WS Update: My Friend and Pastor

May 22, 2023

Thirty-five years ago this past week I graduated from Columbia Business School and was about to start a new job at Memorial Sloan Kettering. A friend from Columbia told me about a new church that was about to be planted on the Upper East Side not far from my apartment. This sounded like the dumbest idea I had heard in a long time, revealing my heart’s distorted view of grace and shallow understanding of the cross. That church planter turned out to be Tim Keller and I started attending Redeemer Presbyterian Church during its preview services in the Spring of 1989. I won’t bore you with a lot of stories of the journey except to say that sitting under Tim’s preaching and participating in the vision God gave Tim and Kathy to serve and love New York City chipped away at my shallow view of grace and Jesus’ love for the world he created.
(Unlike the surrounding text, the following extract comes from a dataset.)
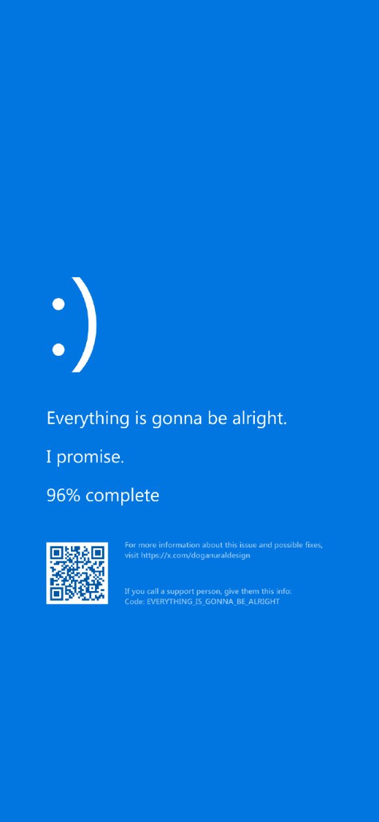 近日,X推主doganuraldesign设计了一些Windows蓝屏壁纸,适用于手机与电脑。其中部分壁纸的图案与文字很暖心,一起来看下。

Tim was relentless in his preaching of Jesus’ sacrificial and substitutionary death on the cross. Everyone knew what the third point of every sermon was going to be. The narrative tension of a sermon from Galatians or Jonah or Ecclesiastes was going to find its resolution in Christ’s death for us. This was no gimmick but flowed from Tim’s deep personal, life-changing understanding that Christ’s death was the only news that could dismantle the crippling idols that rob us of our humanity and the world of peace.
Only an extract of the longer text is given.